§ Problem details: Among the entries below, find the line with "四番目 障害物 肉体が病気に" and the line with "Szkoła w Chełście Schule in Chełst". Return exactly those lines and every line between them, but no pictures.

(Source data)
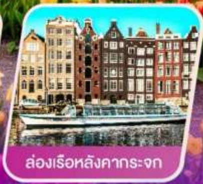
ล่องเรือหลังคากระจุก
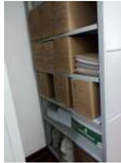
Figura No 6: Documentación de la Secretaría General

Dentro del Instituto no se encuentra documentación en otra parte del INS, las personas responsables del archivo son los auxiliares, la documentación presta servicio de consulta solo para las dependencias del INS, las características del soporte es papel, el depósito cuenta con una estantería metálica fija, le realizan mantenimiento cuando es necesario al estante y por último la secretaria menciona que el depósito cumple con los requisitos mínimos para la conservación y preservación de los documentos.
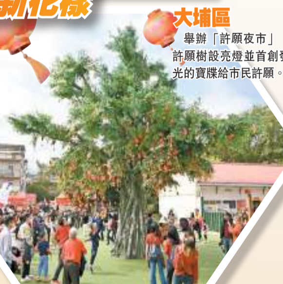
大埔區 舉辦「許願夜市」，許願樹設亮燈並首創發光的寶牒給市民許願。
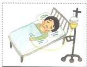
四番目 障害物 肉体が病気に
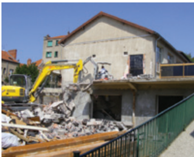
A LYAUTEY, LES TRAVAUX DE DÉMOLITION SONT ACHEVÉS

Rappelons que cet axe routier reliera à terme le quartier Beausoleil à Creuzier-le-Vieux et les quartiers des Garets à Vichy et Puybessieu à Cusset. Il a pour objectifs de faciliter la traversée de Cusset et Vichy et d'améliorer la qualité de vie des riverains des boulevards Denière, et des Graves.
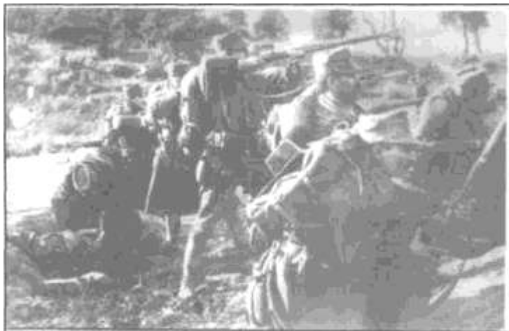
Έλληνες στρατιώτες στην πρώτη γραμμή με τις λόγχες τοποθετημένες στα στόμια των τουφεκιών.

«Και το Κιλκίς το αλαζονικόν, το απόρθητον Κιλκίς που θα εγίνετο ο τάφος της Ελλάδος, ασπαίρει τώρα υπό τους γαμπούς όνυχας των λιονταριών της Ε' Με-
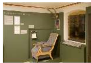
Lin.VII, Ausstellung im Königshäuschen, DI021117, BSV-
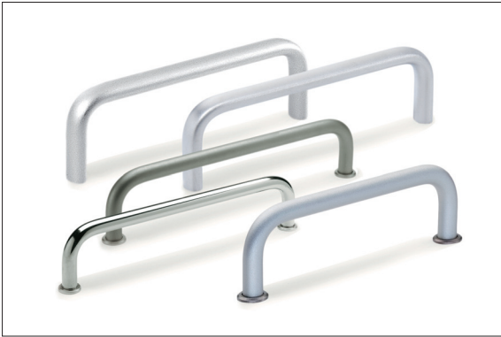
Verschiedene Bügelgriffe für die 19" Technik
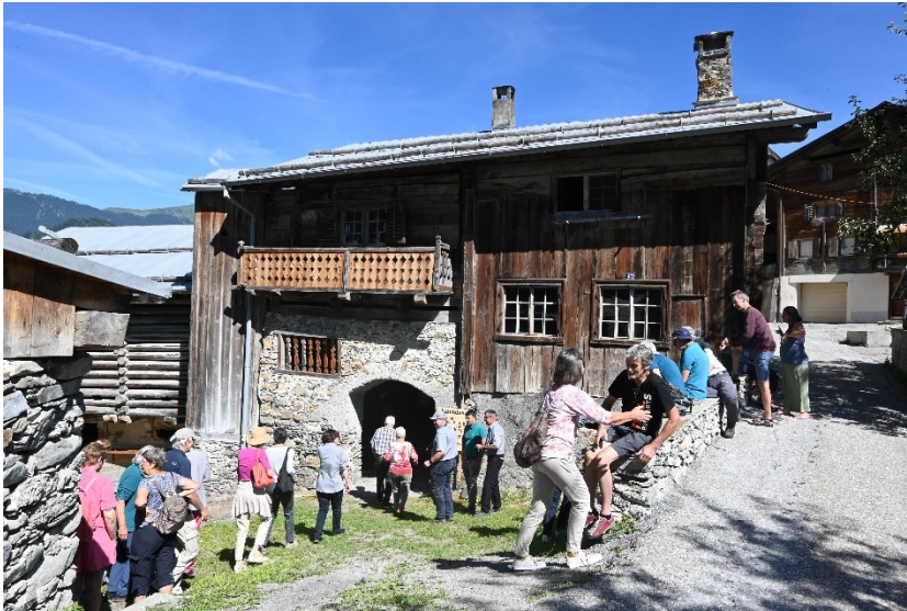
BesucherInnen der Ausstellung
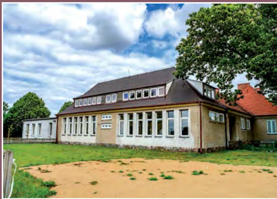
Szkoła w Chełście Schule in Chełst

gatunków: dębów, lip, świerków, jesionów, modrzewia. Na terenie parku znajdują się dworek – dawna nadleśniczówka i budynki gospodarcze. Według innych źródeł dworek pochodzi z 1892 r., pralnia, obecnie budynek mieszkalny, kuchnia folwarczna obecnie budynek mieszkalny, dom robotników folwarcznych - Drawsko Nadleśnictwo 2, obora obecnie budynek gospodarczo – garażowy, budynek gospodarczo – inwentarski mur./drewno, dom służby obecnie budynek gospodarczy
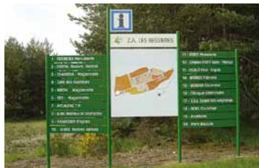
L'économie aveyronnaise dans son environnement rural
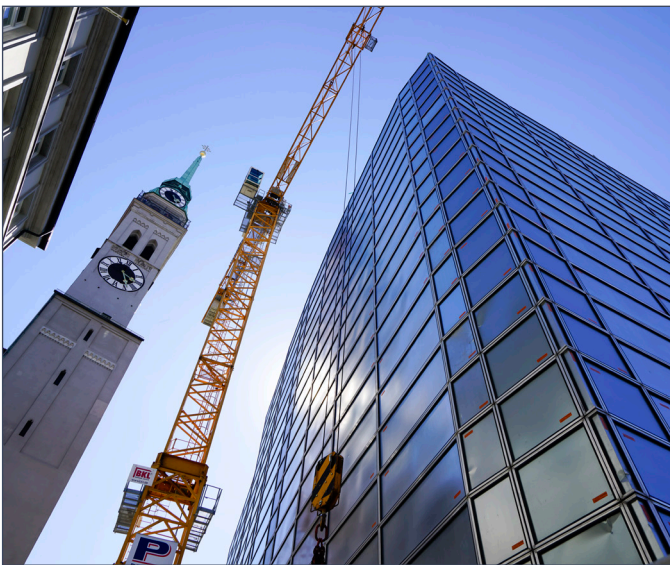
Construcción de edificio en centro urbano.
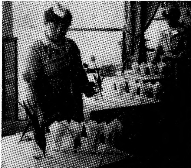
Unitatea nr. 155 — linie cu autoservire, recent deschisă în Uricani.

Tot luni, sala de apel a minei Lupeni a răsunat de cîntece aduse în semn de laudă muncii, de formația
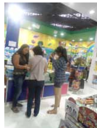
Bienal do Livro – Parque Anhembi
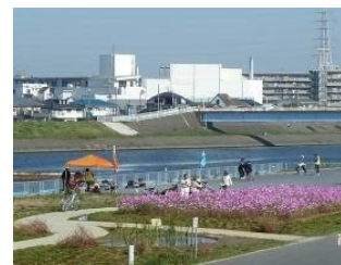
駒岡大曲広場の整備、防災船着場との連携整備の調整・支援

§ Result:
四番目 障害物 肉体が病気に
A LYAUTEY, LES TRAVAUX DE DÉMOLITION SONT ACHEVÉS

Rappelons que cet axe routier reliera à terme le quartier Beausoleil à Creuzier-le-Vieux et les quartiers des Garets à Vichy et Puybessieu à Cusset. Il a pour objectifs de faciliter la traversée de Cusset et Vichy et d'améliorer la qualité de vie des riverains des boulevards Denière, et des Graves.
Έλληνες στρατιώτες στην πρώτη γραμμή με τις λόγχες τοποθετημένες στα στόμια των τουφεκιών.

«Και το Κιλκίς το αλαζονικόν, το απόρθητον Κιλκίς που θα εγίνετο ο τάφος της Ελλάδος, ασπαίρει τώρα υπό τους γαμπούς όνυχας των λιονταριών της Ε' Με-
Lin.VII, Ausstellung im Königshäuschen, DI021117, BSV-
Verschiedene Bügelgriffe für die 19" Technik
BesucherInnen der Ausstellung
Szkoła w Chełście Schule in Chełst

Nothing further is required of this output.